Among some of his question, we choose the one question that is interesting for us to see. The question is: "At what age begin to protect themselves professionals with a variety of insurance products?" We give her the answer is contextual, and the answer to that is what will we say to you on this occasion.
Insurance Policy Priorities
Each person faces different phases in the life of each one with its own challenges. In terms of work or effort, we categorize the phases of one's career into three stages, namely:
- Age 20 years;
- Age 30-40 years;
- Age 50 and over.
First, the 20-year age range. In this phase, you fall into the category of new labor force, and chances are you've graduated from university bench. After graduation you start looking for a job, then get your dream job, and then you get a regular income every month.
We assume that you are still single (not married) at the beginning of your career. Challenges you face in terms of managing earnings are still modest, that your attitude in the face of personal expenditures each month.
At the same time, you can start saving for anticipated needs in the future, one of them for the cost of marriage. Not rule out the possibility, if your income is sufficient, you can save for the allocation of the purchase of a house.
In the mid of this, you do not have great financial need. That is why we recommend to you to prioritize the purchase of life insurance policies that can protect your income (income protection). In addition, you need to ensure that the life insurance policy you purchased may protect you from unexpected events in the future, such as accidents or illness.
Second, the age of 30-40 years. At this age, generally you are married and have children. Along with the increasing demands and financial obligations should you provide for your family, you need to protect yourself and your family with the proper life insurance products.

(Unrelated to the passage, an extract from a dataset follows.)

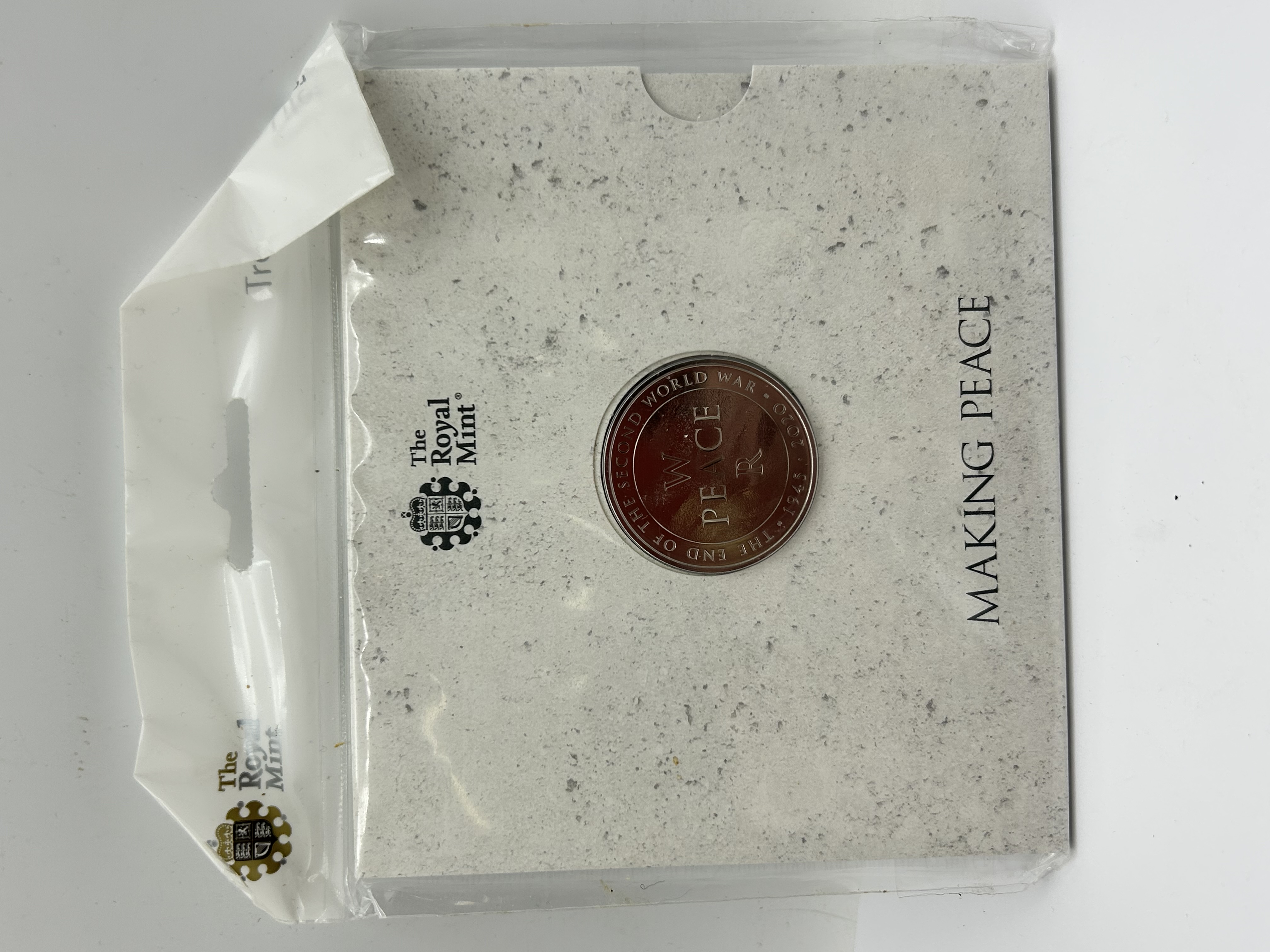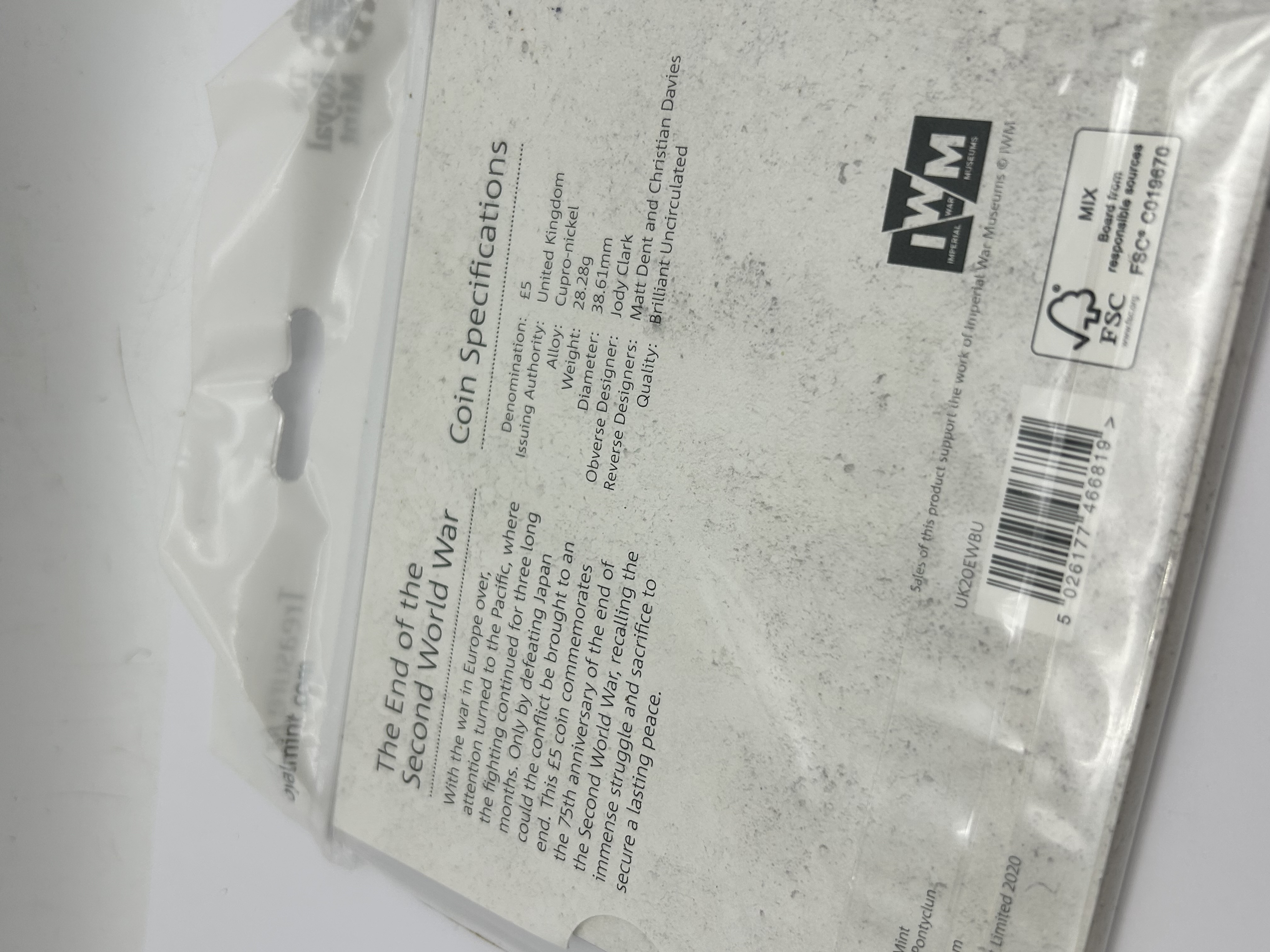A 2020 United Kingdom £5 commemorative coin struck by The Royal Mint to mark the 75th anniversary of the end of the Second World War. The cupro-nickel coin is presented in its original Making Peace themed card folder and remains sealed within the original clear plastic retail hang-bag. The obverse features the fifth definitive portrait of Queen Elizabeth II by Jody Clark. The reverse, designed by Matt Dent and Christian Davies, is inscribed THE END OF THE SECOND WORLD WAR 1945 – 2020 and PEACE. The reverse also bears the official logo of the Imperial War Museums. The coin is struck to Brilliant Uncirculated quality.

In this phase, you should consider getting life insurance protection in accordance with the increase of your income and increasing the financial obligations to your family. Concretely, in addition to life insurance policy that you get at the age of 20 years, you need to prepare yourself with a life insurance policy which contains elements of cost savings for your children's education in the future.

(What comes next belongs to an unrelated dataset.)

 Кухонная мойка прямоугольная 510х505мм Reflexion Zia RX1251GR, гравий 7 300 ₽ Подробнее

Third, the age of 50 years and over. At this age, most children have completed your studies in Higher Education bench. they had been able to work and have their own income. At the same time, mortgage and other financial obligations you have almost paid off and reduced.

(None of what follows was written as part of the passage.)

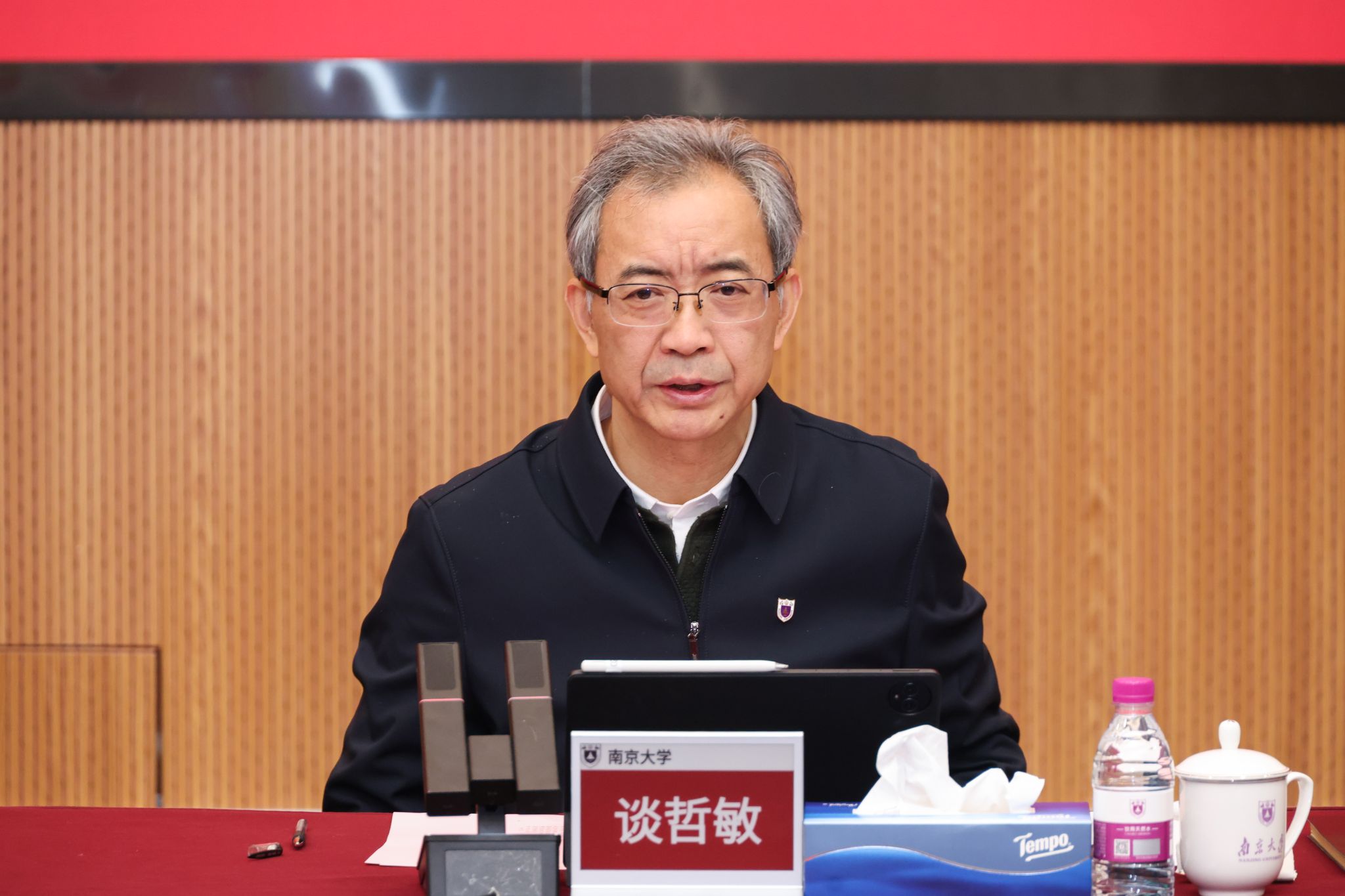 谈哲敏指出,思政课是塑造青年学生世界观、人生观、价值观的主渠道,思政课教师责任重大、使命光荣。他结合近期讲授思政课的感受提出三点意见:一是要立足南大学生独特的学习旨趣,结合不同学科专业学生的知识背景、思维特点与发展方向,因校施教,因材施教,推动思政教育与专业教育有机融合,建设具有南大特质的思政课。二是要坚持政治性和学理性的有机融通,讲清楚习近平新时代中国特色社会主义思想的逻辑起点、理论源头、体系框架和哲学基础。三要坚持“进课堂”更“进头脑”,“教知识”更“启思维”,引导学生自觉运用习近平新时代中国特色社会主义思想的观点方法分析新问题、学习新理论、实现新作为。
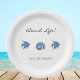Customise this Beach Life Paper Plate with your Family Name and add an Elegant Touch to your Beach House Party. The Blue Fish and Shells against a Crisp, White background, will give your Beach Party or Beach Housewarming Party a Chic Look.

It's time for you to review your insurance policy. Generally, at the age of 50 years, you will begin susceptible to illness and disease. That's why, you must complete your insurance policy with the schemes 'long term care'. It will be very useful if one day you fall sick and you can not take care of themselves. In addition, you also have to make sure that your insurance policy can provide benefits for your benefit at retirement.
Based on these three phases, it is important for you to plan a proper financial management so that you can optimize your financial resources. You should be able to choose a life insurance policy that fits your protection needs, goals / plan for your finances, and your tolerance for risk. Your accuracy in choosing the type of insurance policy that suits your age will determine the maximum protection you get at a later date.